Now, never mind how many other MCs have said they were "taking it back to the way it used to be," or what have you -- somewhere in the New Label Signee handbook it must demand that anyone whose style isn't completely brand new (Bone, Twista, Ras Kass, 40, etc.) has to explain themselves.
Ignore that.
Of the hordes of "Wu and Who?" soundalike records, this is easily a top five choice (The first Wu as #1, GZA as #2, Ghostface as #3, Sunz of Man a surprise at #4, then this) in terms of lyrical construction and general musicianship. Songs like the sample driven "Life's A Scheme" to the haunting piano line in "Killa From The Villa" to the catchy chorus on "Spark Somebody Up," Buddha Monk has some solid songmaking skills that satisfy again and again.

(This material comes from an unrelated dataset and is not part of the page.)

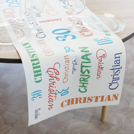 Geburtstagsparty Tischläufer mit Name und Alter - in zwei Längen

"They got all this Puffy shit on the radio," Buddha preaches, "all this other kind of stuff, people talkin' about 'put it in your mouth' and all kinds of stuff, you gon' make me lyrically spark somebody up! They keep it on this Cristal poppin' ... it ain't just Puffy and them, most everybody in this industry is Moet'ed down. Why you gotta status drink and front all the time? Don't front for me, don't front for the camera. I'm an artist like they an artist, and I know everyday they ain't got it like that. They try to act like they more than what they are. On that note right there alone, people should respect what I'm doin.'"
Come on through the chambers and cages of the Brooklyn Zoo (a group product headed by BBJ on all forms of addiction called "Drugs" is next, Buddha manages himself and wants to do a show in your town, hit him up at 718-773-5098) -- you've been to zoos before, but there's always something to enjoy, and maybe something to learn.